The 1994 remastered international Atco CD release of the album included the full-length Australian versions of "Dirty Deeds Done Dirt Cheap", "Big Balls", "Rocker", and "Ain't No Fun (Waiting Round to Be a Millionaire)". They were later reverted to the shortened versions for the 2003 Epic remastered versions of the album with "Big Balls" remaining in its longer version. The 2009 boxed set Backtracks Deluxe Edition featured the full-length original Australian versions of "Dirty Deeds Done Dirt Cheap" and "Ain't No Fun (Waiting Round to Be a Millionaire)", but not "Rocker", which is nevertheless billed as the original Australian version.
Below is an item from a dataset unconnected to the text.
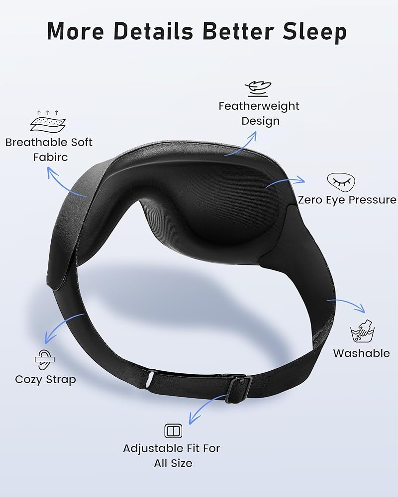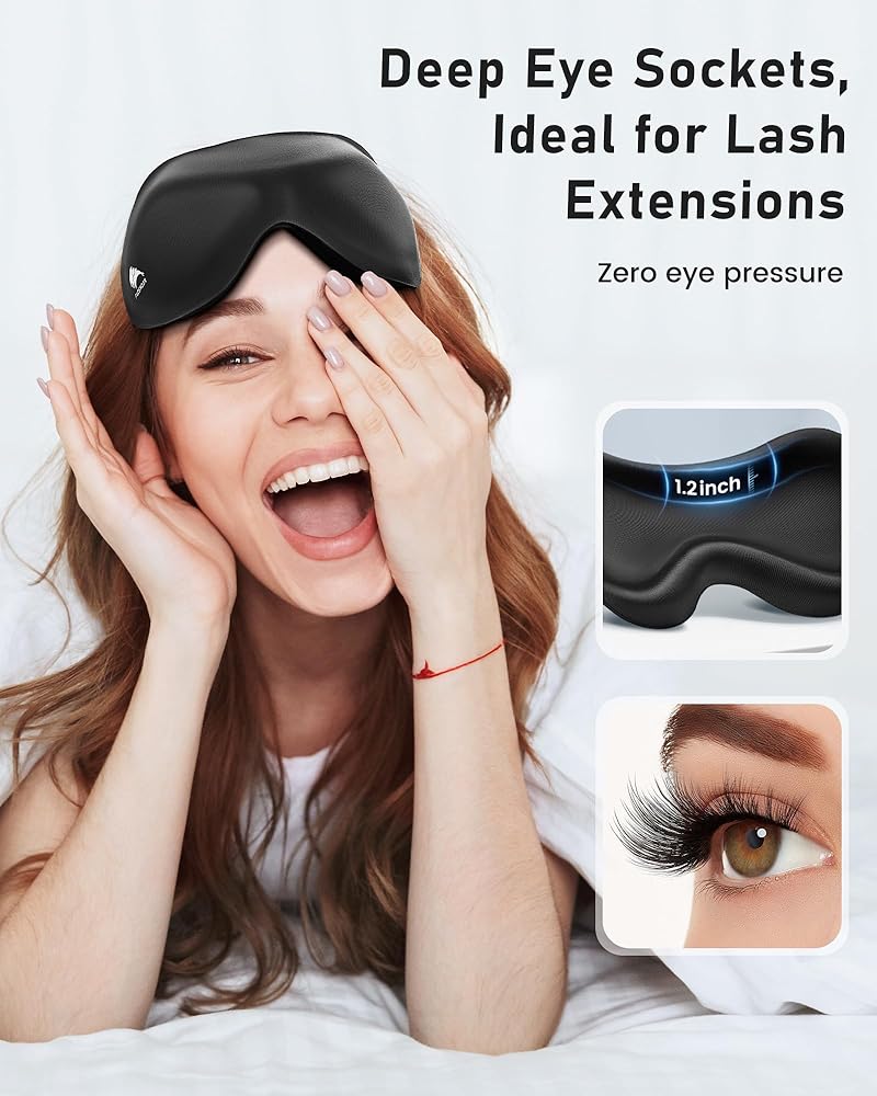 قناع العين نوم تعتيم خفيفة الوزن: نوم جانبي ثلاثي الأبعاد محيط لتمديدات الرموش - صفر ضغط العين حزام قابل للتعديل - نساء طائرة سفر اليوغا نوبة ليلية 3 أجزاء

This was later fixed on the 2012 iTunes release.

Side one
| No. | Title | Length |
|---|---|---|
| 1. | "Dirty Deeds Done Dirt Cheap" | 3:52 |
| 2. | "Love at First Feel" | 3:13 |
| 3. | "Big Balls" | 2:38 |
| 4. | "Rocker" | 2:52 |
| 5. | "Problem Child" | 5:47 |

Side two
| No. | Title | Length |
|---|---|---|
| 6. | "There's Gonna Be Some Rockin'" | 3:18 |
| 7. | "Ain't No Fun (Waiting 'Round to Be a Millionaire)" | 6:58 |
| 8. | "Ride On" | 5:54 |
| 9. | "Squealer" | 5:15 |
| Total length: |  | 39:59 |

== Personnel ==

AC/DC
- Bon Scott – lead vocals
- Angus Young – lead guitar
- Malcolm Young – rhythm guitar, backing vocals
- Mark Evans – bass guitar
- Phil Rudd – drums

Production
- George Young – production, bass guitar on track 3
- Harry Vanda – production
- Kettle Art Productions – cover concept & design (Australia)
- Hipgnosis – sleeve design & photos (International)

== Charts ==

=== Weekly charts ===

| Chart (1976–1978) | Peak position |
|---|---|
| Australian Albums (Kent Music Report) | 5 |
| Swedish Albums (Sverigetopplistan) | 50 |

| Chart (1981) | Peak position |
|---|---|
| New Zealand Albums (RMNZ) | 20 |
| US Billboard 200 | 3 |

| Chart (2008) | Peak position |
|---|---|
| Australian Albums (ARIA) | 28 |

| Chart (2024) | Peak position |
|---|---|
| German Albums (Offizielle Top 100) | 19 |
| Greek Albums (IFPI) | 12 |
| Swiss Albums (Schweizer Hitparade) | 25 |
| UK Rock & Metal Albums (Official Charts) | 13 |

=== Year-end charts ===

Year-end chart performance for Dirt Deeds Done Dirt Cheap
| Chart (2002) | Position |
|---|---|
| Canadian Metal Albums (Nielsen SoundScan) | 90 |

== Certifications ==

| Region | Certification | Certified units/sales |
| Australia (ARIA) Australian release | 6× Platinum | 420,000^{^} |
| Canada (Music Canada) | 2× Platinum | 200,000^{‡} |
| Germany (BVMI) | Platinum | 500,000^{^} |
| New Zealand (RMNZ) | Gold | 7,500^{‡} |
| Spain (Promusicae) | Gold | 50,000^{^} |
| Switzerland (IFPI Switzerland) | Gold | 25,000^{^} |
| United Kingdom (BPI) | Gold | 100,000^{*} |
| United States (RIAA) | 7× Platinum | 7,000,000^{‡} |
| Yugoslavia | — | 69,562 |
^{*} Sales figures based on certification alone. ^{^} Shipments figures based on certification alone. ^{‡} Sales+streaming figures based on certification alone.